Thanks gew59, that makes sense. I had a chance to read the study NCT03073577 "Islet Transplantation Using PKX-100. In the study, it said:
Most importantly, animal studies have shown that the islets treated with PKX-100 were protected from the immunosuppressant (Tac) toxicity and retained their function in animals receiving islet transplant."
In the study:
In light of the beneficial roles of PKX-001 on cellular survival and functionality preservation, our team have evaluated the cytoprotective capacity of PKX-001 in islet transplant, especially its capacity of protection against the diabetogenic effect of Tac.
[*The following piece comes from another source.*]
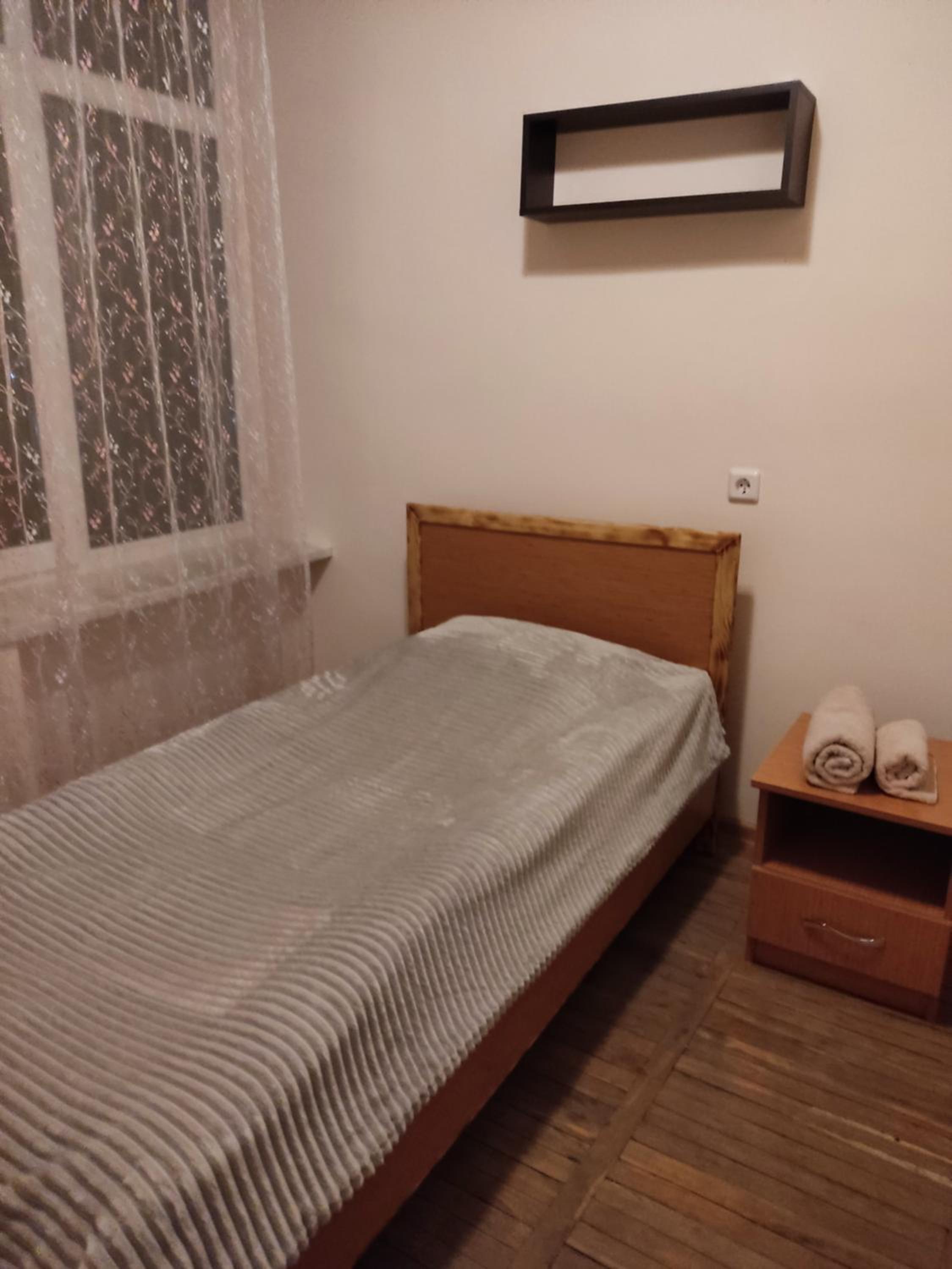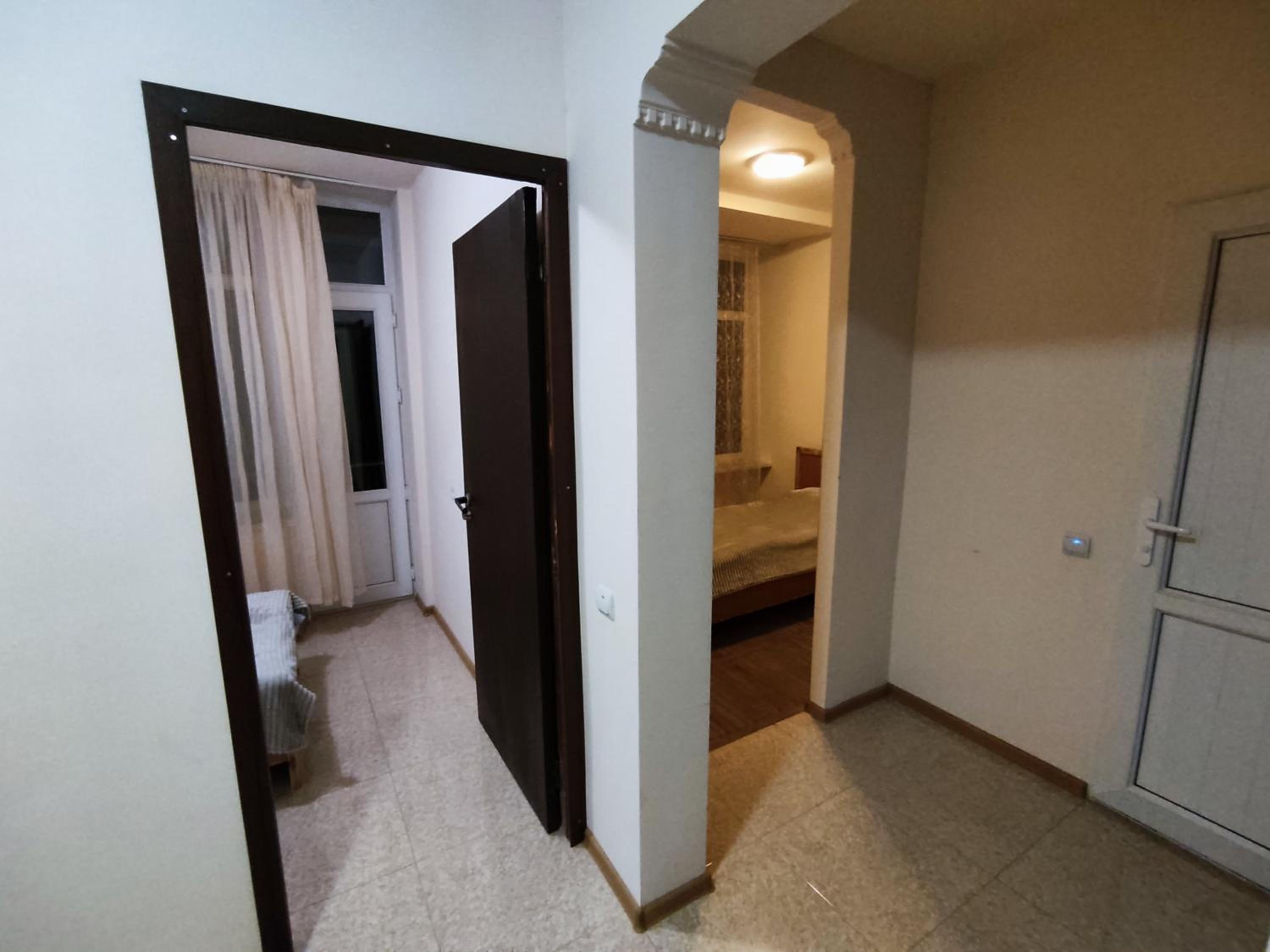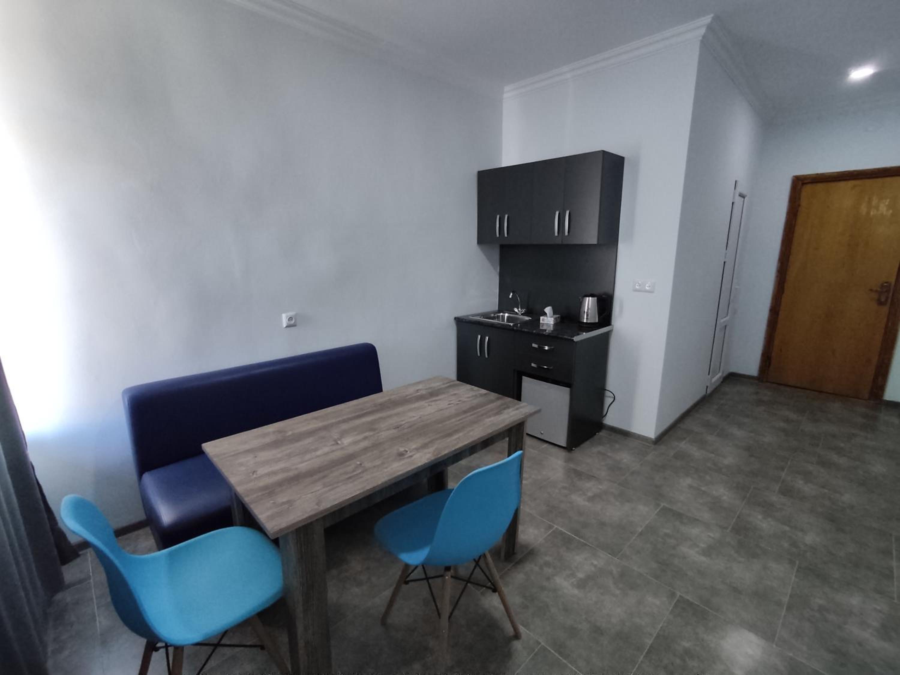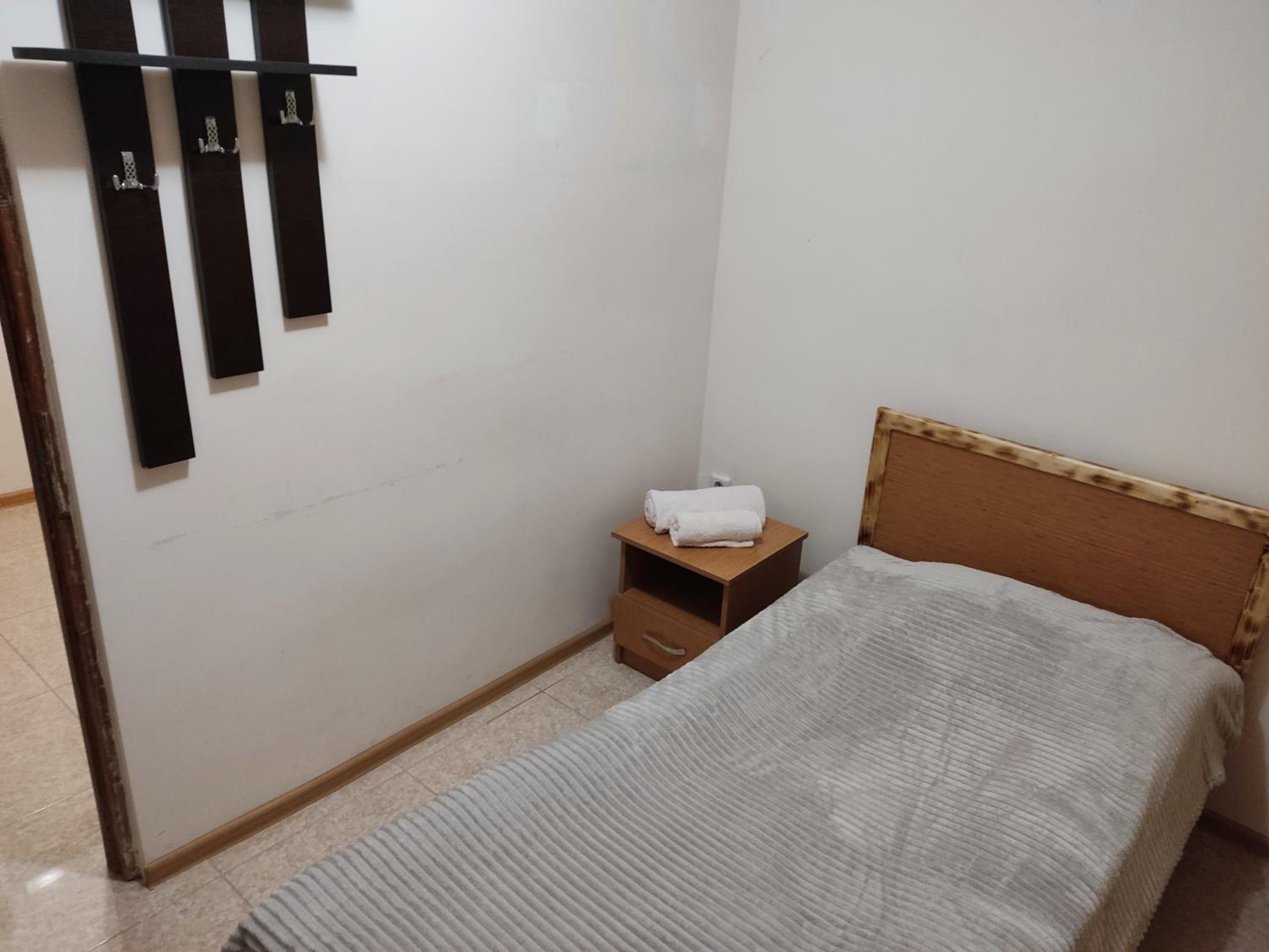 I stayed in an apartment with 2 single beds, a kitchen area (with kettle, sink, cutlery and refrigerator (no stove)) and private bathroom. There was access to 2 balconies, with views of Mount Arteni in the distance (great sunset).

In vitro assessment of human islets in culture with PKX-001 supplementation has also showed enhanced quality and yield of post-preservation human islets and protection against acute exposure to Tac at clinical relevant doses compared with those without PKX-001 supplementation. Further analysis indicated that islets treated with PKX-001 had decreased oxidative stress, improved insulin release by increasing islet exocytosis, decreased islet loss during preservation due to apoptosis, even in the presence of Tac.
In vivo studies have complemented all in vitro findings above, which demonstrated that PKX-001 supplementation suppressed early inflammation and improved islet engraftment with long-term efficacy.
I didn't find any negative finding in the Islet Transplantation Study, which was very important to my DD research.